251 lines (203 loc) • 8.29 kB
JavaScript
import { assert } from "../assert.js";
import { randomIntegerBetween } from "../math/random/randomIntegerBetween.js";
import { seededRandom } from "../math/random/seededRandom.js";
import { graph_compute_distance_matrix } from "./graph_compute_distance_matrix.js";
/**
* Sentinel value marking a node as not yet assigned to any cluster.

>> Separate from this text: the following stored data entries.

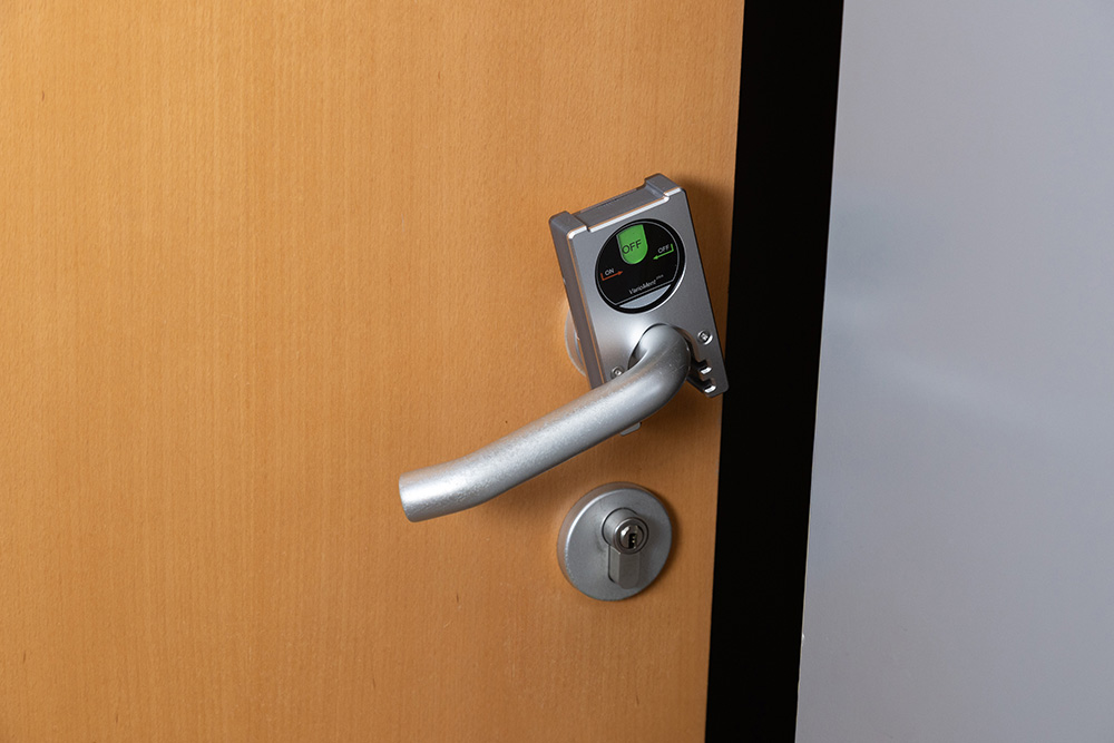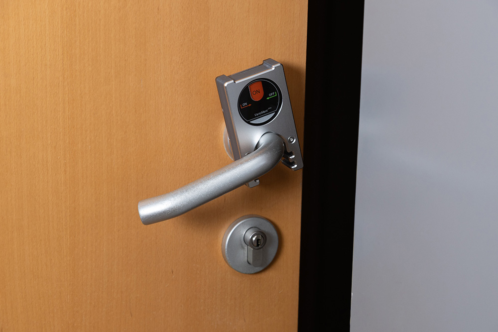 Der Lehmann Türwächter wird von außen an der zu überwachenden Türklinke befestigt und kann von innen weder manipuliert noch abgestellt werden. Damit ist zuverlässig die gewünschte Funktion sichergestellt. Von außen lässt sich der Türwächter bequem mittels eines Magnetschlüssels jederzeit aktivieren oder deaktivieren. Der Status wird optisch gut erkennbar angezeigt.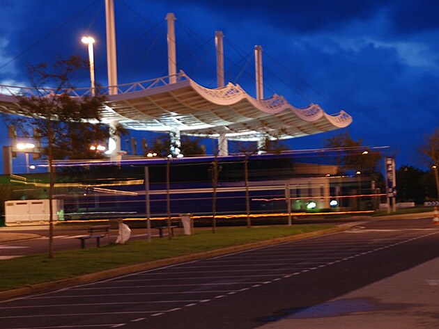 Poslední čůrpauza na Evrpském kontinentu se uskuteční u Eurotunel shoping center. Venku pomalu začíná svítat, takže do Británie už dorazíme evidentně za světla. V obchodním centru protáhnu nohy procházkou mezi zavřenými obchody, pokusím se o jednu rádoby uměleckou fotku autobusu a nápisu Bon voyage a povede se mi jiná ve chvíli, kdy chci vyfotit jenom domeček celnice, no tak už to chodí.
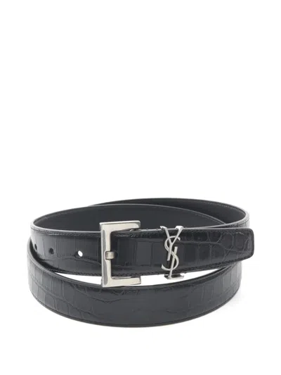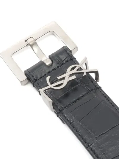 circa 2020s black leather grained texture signature Cassandre logo plaque punched holes pointed tip buckle fastening adjustable fit Condition: UNWORN. This item is previously owned but remains unworn and in its original condition. However, it does not come with its original tags.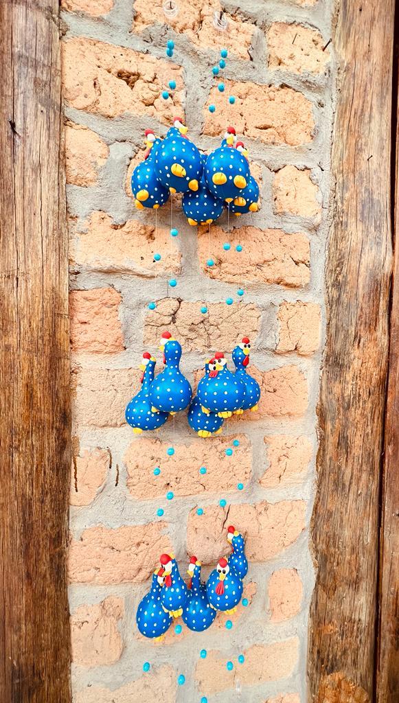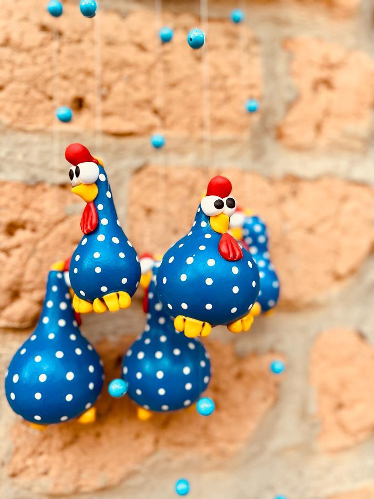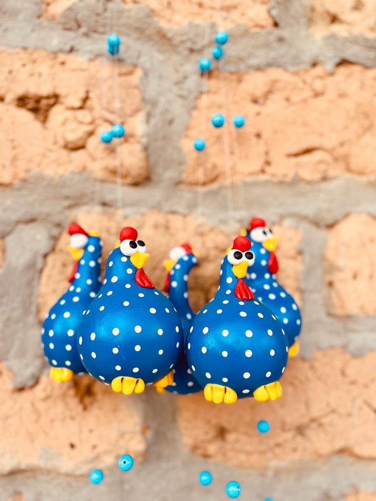 Móbile produzido com fio de nylon e 3 galinha em cabaça, pintados à mão e detalhes em biscuit.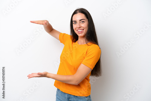 Young caucasian woman isolated on white background holding copyspace to insert an ad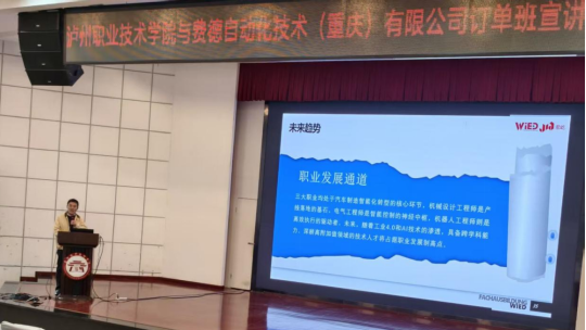 11月20日,费德自动化技术(重庆)有限公司在我校求实厅举行订单班组班宣讲会,2024级机电一体化技术、机械制造及自动化专业约200名学生参加宣讲会。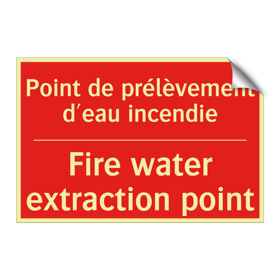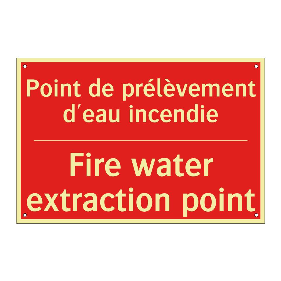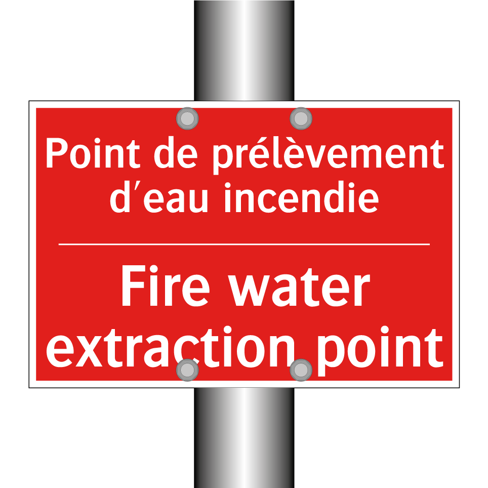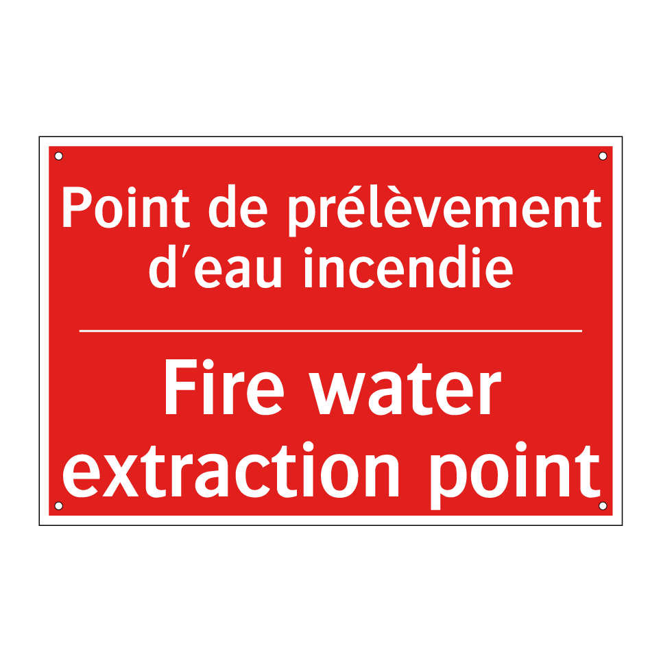 Panneau de signalisation incendie bilingue avec texte en français : "Point de prélèvement d'eau incendie", et en anglais : "Fire water extraction point"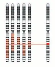 Identity by descent (IBD) mapping generally uses single nucleotide polymorphism (SNP) arrays to survey known polymorphic sites throughout the genome of affected individuals and their parents and/or siblings, both affected and unaffected. While these SNPs probably do not cause the disease, they provide valuable insight into the makeup of the genomes in question. A region of the genome is considered identical by descent if contiguous SNPs share the same genotype. When comparing an affected individual to his/her affected sibling, all identical regions are recorded (ex. Shaded in red in above figure). Given that an affected sibling and an unaffected sibling do not have the same disease phenotype, their DNA must by definition be different (barring the presence of a genetic or environmental modifier). Thus, the IBD mapping results can be further supplemented by removing any regions that are identical in both affected individuals and unaffected siblings.[3] This is then repeated for multiple families, thus generating a small, overlapping fragment, which theoretically contains the disease gene.

* Must be distinguishable from any valid cluster index 0..k-1, so k must
* stay strictly below this.
* @type {number}
*/
const UNASSIGNED_CLUSTER = 0xFFFFFFFF;
/**
* Maximum number of refinement iterations before the algorithm stops even
* if medoids haven't stabilised. In practice convergence is reached within
* a handful of iterations on well-connected graphs.
* @type {number}
*/
const MAX_ITERATIONS = 32;
/**
* Find the medoid of a set of nodes: the member with minimum sum of
* distances to every other member.
*
* @param {number[]} members cluster member node indices
* @param {SquareMatrix} m_distances matrix whose columns for each member index are filled
* @returns {number} node index of the medoid
*/
function find_cluster_medoid(members, m_distances) {
const n = members.length;
let best_member = members[0];
let best_sum = Number.POSITIVE_INFINITY;
for (let i = 0; i < n; i++) {
const candidate = members[i];
let sum = 0;
for (let j = 0; j < n; j++) {
if (i === j) {
continue;
}
sum += m_distances.getCellValue(candidate, members[j]);
}
if (sum < best_sum) {
best_sum = sum;
best_member = candidate;
}
}
return best_member;
}
/**
* @param {MultiNode<T>[]} node_array
* @param {number} k
* @param {number} random_seed
* @param {number[]|Uint32Array} node_cluster_assignments pre-filled with UNASSIGNED_CLUSTER
* @param {Map<T, number>} node_index_map
* @param {Graph<MultiNode<T>>} graph
* @returns {number[][]}
*/
export function graph_k_means_cluster_detailed(
node_array,
k,
random_seed,
node_cluster_assignments,
node_index_map,
graph
) {
const total_node_count = node_array.length;
if (k > total_node_count) {
throw new Error(`Not enough nodes in the graph, K(=${k}) > |V| (=${total_node_count})`);
}
// Cluster indices are stored alongside UNASSIGNED_CLUSTER in the same array, so
// k must fit strictly below the sentinel to avoid collisions.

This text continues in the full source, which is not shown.